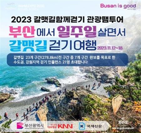부산시는 오는 11월 12일부터 11월 18일까지 일주일간 '부산 일주일 살면서 갈맷길 여행하기'라는 콘셉트로 팸투어를 운영한다고 밝혔다.
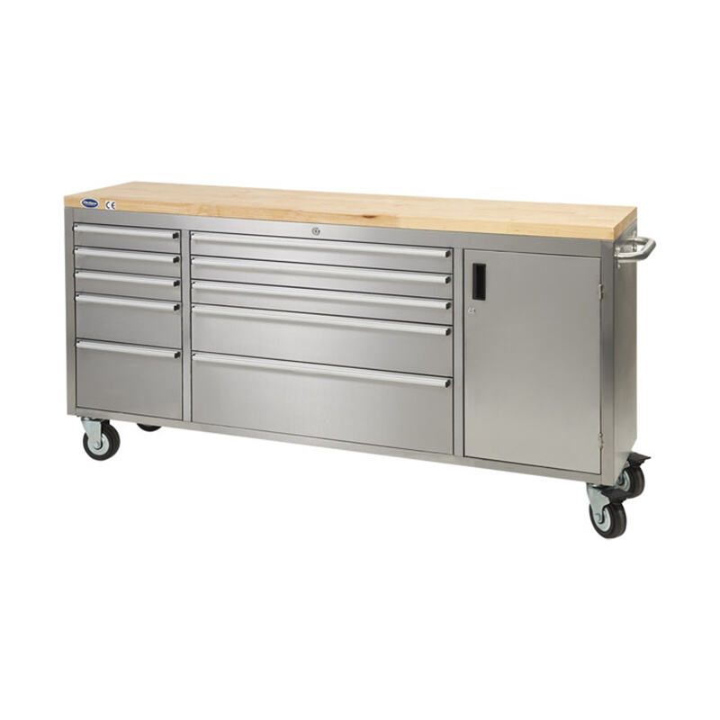 The GLS7010 is durable and sturdy. It is made from high-quality stainless steel. Each drawer has a label holder for easy identification. This tool chest comes with 2 safety locks and side handles for easy maneuverability. The unit is constructed of SPCC cold steel for durability and reliability.The heavy-duty casters allow for easy mobility around the workshop. The top surface of the tool box trolley is spacious and flat, which provides a convenient work area.
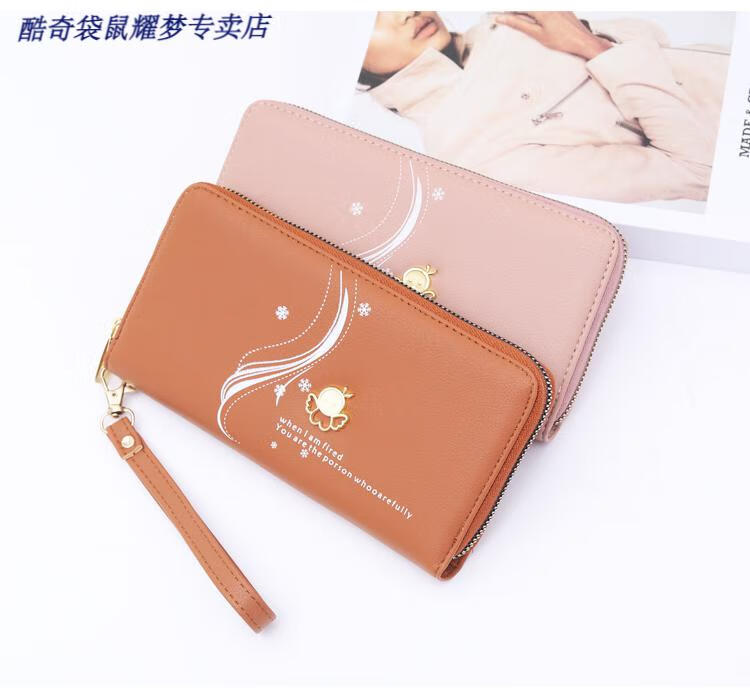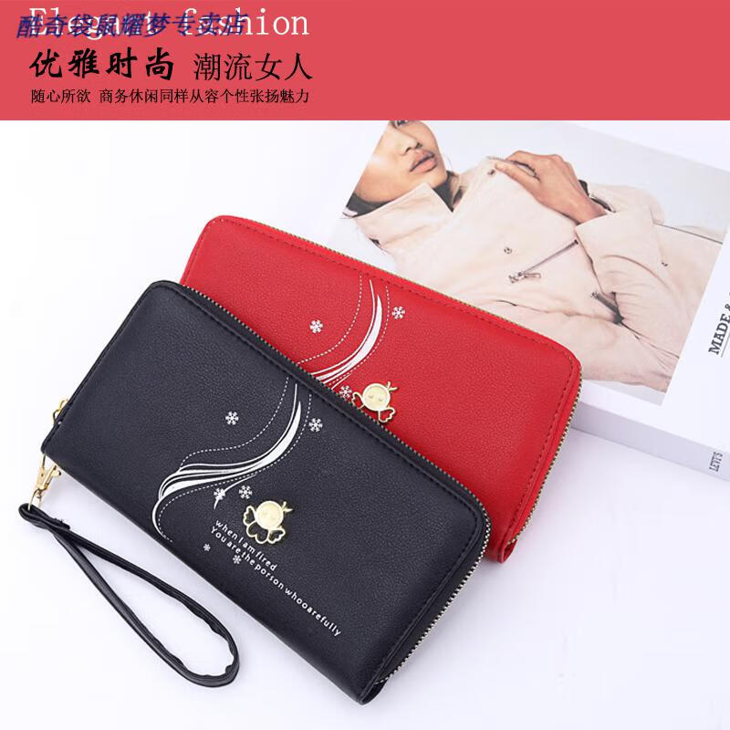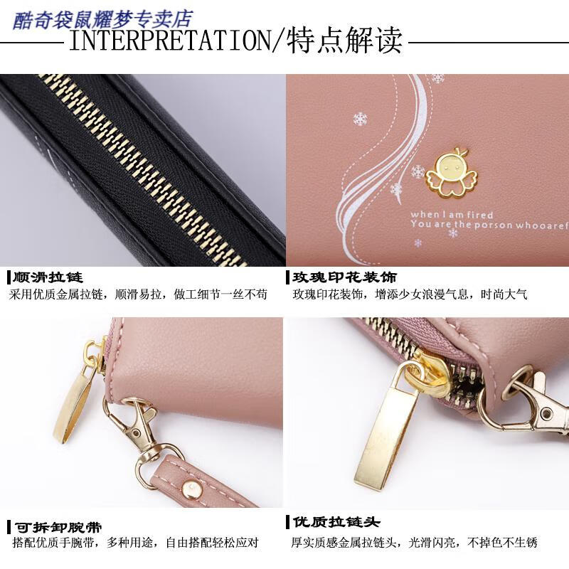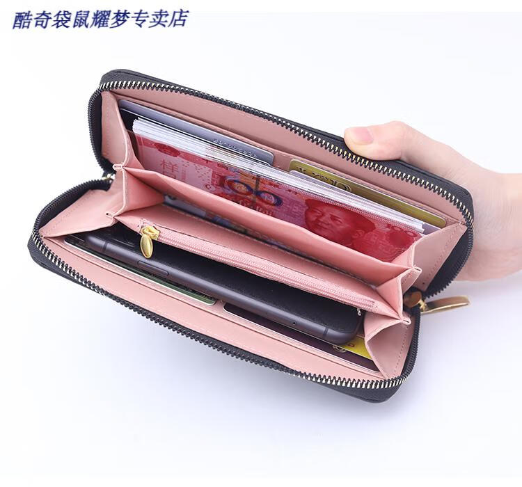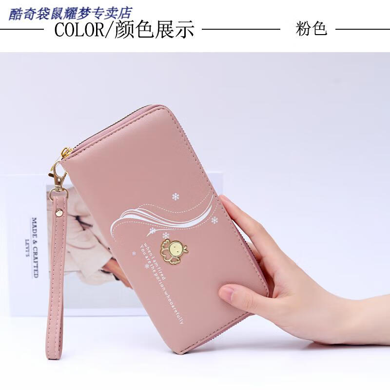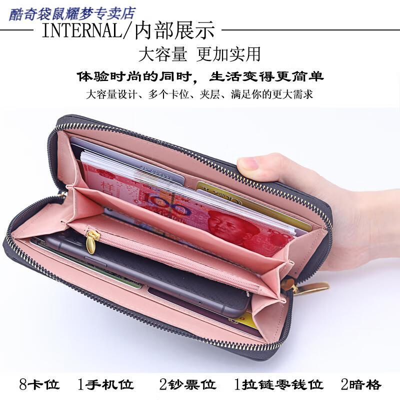 Kuqi Kangaroo Qixi Wallet Women's Long Simple Fashion Zipper Bag Can Hold Mobile Phone Clutch Bag Mom Bag Large Capacity Wallet Burgundy Liuhua Wallet
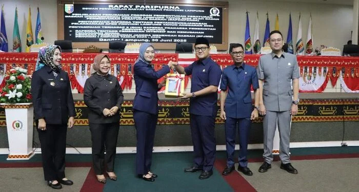 Lampungcawa, Bandarlampung – Rapat Paripurna DPRD Provinsi Lampung dipimpin oleh Ketua DPRD Provinsi Lampung Ahmad Giri Akbar, bertempat di Ruang Sidang DPRD Provinsi Lampung, Senin (30/06/2025).
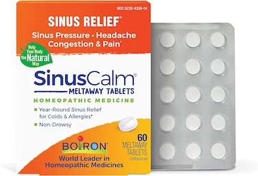 Unlike conventional medications that mask full-blown symptoms, Boiron SinusCalm tablets are specifically designed to relieve nasal congestion, sinus pain and pressure, and headache due to the common cold or allergies. This homeopathic sinus relief medicine targets sinus pain with a stuffy or runny nose. Borion SinusCalm also works as a sinusitis treatment by providing natural sinus relief and runny nose relief. The tablets dissolve quickly under the tongue without water, chewing, or swallowing pills. SinusCalm is non-drowsy and phenylephrine-free, and won’t interact with other medications or supplements, including those for colds and allergies. It is not habit-forming and there’s no risk of a rebound. It won’t mask symptoms of a more serious condition. Recommended for everyone ages 6 and up, SinusCalm is available over the counter in a box of 60 unflavored tablets. It also comes in multidose tubes of slightly sweet melt-away pellets. Additionally, Boiron offers RhinAllergy, ColdCalm, and ThroatCalm.
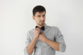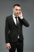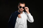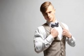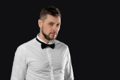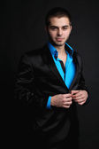 przystojny młody mężczyzna w kostiumie na ciemnym tle
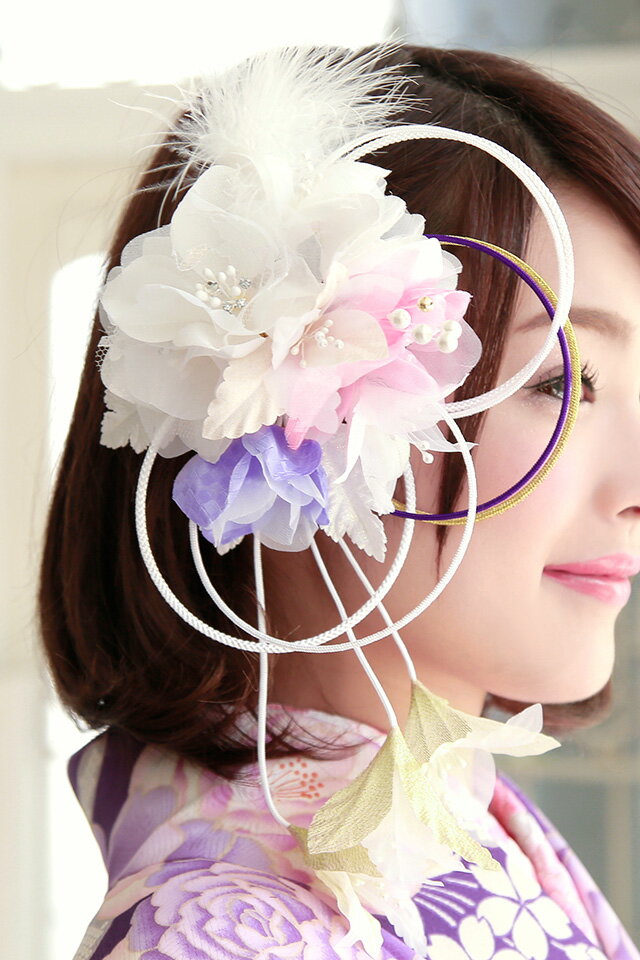 【40%OFFクーポン】決算大感謝祭|2/15~28髪飾り 成人式 白 振袖向け 卒業式 袴 はかま お花 ファー ピンク 紫 ヘアアクセサリー 着物 ふりそで 髪かざり 振り袖 【送料無料】 和装
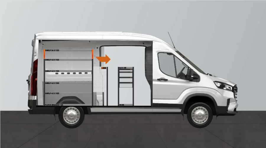 L'un des aménagements les plus populaires pour votre Maxus e-Deliver 9 L2. L’aménagement avec une profondeur de 420 mm dispose de trois tiroirs de différentes tailles afin de varier les possibilités de rangement. Les tiroirs s’ouvrent facilement depuis la porte latérale coulissante et peuvent supporter une charge uniforme de 35 kg / tiroir. L’espace étagère derrière le bloc tiroir est idéal pour ranger vos mallettes, outils ou consommables mais peut aussi se compléter avec notre système de bacs de rangement sur rails
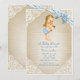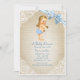 Convites Urso Branco Bebê Menino e Laço Azul em Burlap Chá

- What this task involves
Copy only the lines above from the one containing "Kuqi Kangaroo Qixi" through the one containing "振り袖 【送料無料】 和装", both included. Leave out the pictures.

- Problem solution
 Kuqi Kangaroo Qixi Wallet Women's Long Simple Fashion Zipper Bag Can Hold Mobile Phone Clutch Bag Mom Bag Large Capacity Wallet Burgundy Liuhua Wallet
 Lampungcawa, Bandarlampung – Rapat Paripurna DPRD Provinsi Lampung dipimpin oleh Ketua DPRD Provinsi Lampung Ahmad Giri Akbar, bertempat di Ruang Sidang DPRD Provinsi Lampung, Senin (30/06/2025).
 Unlike conventional medications that mask full-blown symptoms, Boiron SinusCalm tablets are specifically designed to relieve nasal congestion, sinus pain and pressure, and headache due to the common cold or allergies. This homeopathic sinus relief medicine targets sinus pain with a stuffy or runny nose. Borion SinusCalm also works as a sinusitis treatment by providing natural sinus relief and runny nose relief. The tablets dissolve quickly under the tongue without water, chewing, or swallowing pills. SinusCalm is non-drowsy and phenylephrine-free, and won’t interact with other medications or supplements, including those for colds and allergies. It is not habit-forming and there’s no risk of a rebound. It won’t mask symptoms of a more serious condition. Recommended for everyone ages 6 and up, SinusCalm is available over the counter in a box of 60 unflavored tablets. It also comes in multidose tubes of slightly sweet melt-away pellets. Additionally, Boiron offers RhinAllergy, ColdCalm, and ThroatCalm.
 przystojny młody mężczyzna w kostiumie na ciemnym tle
 【40%OFFクーポン】決算大感謝祭|2/15~28髪飾り 成人式 白 振袖向け 卒業式 袴 はかま お花 ファー ピンク 紫 ヘアアクセサリー 着物 ふりそで 髪かざり 振り袖 【送料無料】 和装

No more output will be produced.